By analyzing existing cross correlation between Shikun Binui and Mivtach Shamir, you can compare the effects of market volatilities on Shikun Binui and Mivtach Shamir and check how they will diversify away market risk if combined in the same portfolio for a given time horizon. You can also utilize pair trading strategies of matching a long position in Shikun Binui with a short position of Mivtach Shamir. Check out your portfolio center. Please also check ongoing floating volatility patterns of Shikun Binui and Mivtach Shamir.
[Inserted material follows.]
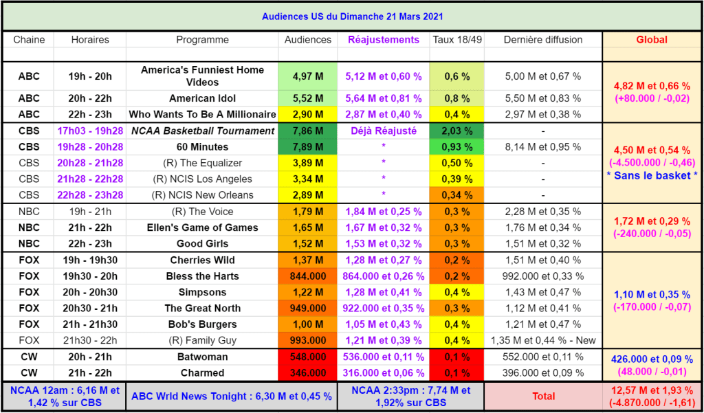 On commence par les match de NCAA Basketball sur CBS. Le match de 12am rassemble 6,16 M et 1,42 % -Celui de 2:33pm captive 7,74 M et 1,92 % et celui de 5:03pm a rassemblé 7,86 M et 2,03 %

Diversification Opportunities for Shikun Binui and Mivtach Shamir

0.57
  Correlation Coefficient

Very weak diversification

The 3 months correlation between Shikun and Mivtach is 0.57. Overlapping area represents the amount of risk that can be diversified away by holding Shikun Binui and Mivtach Shamir in the same portfolio, assuming nothing else is changed. The correlation between historical prices or returns on Mivtach Shamir and Shikun Binui is a relative statistical measure of the degree to which these equity instruments tend to move together. The correlation coefficient measures the extent to which returns on Shikun Binui are associated (or correlated) with Mivtach Shamir. Values of the correlation coefficient range from -1 to +1, where. The correlation of zero (0) is possible when the price movement of Mivtach Shamir has no effect on the direction of Shikun Binui i.e., Shikun Binui and Mivtach Shamir go up and down completely randomly.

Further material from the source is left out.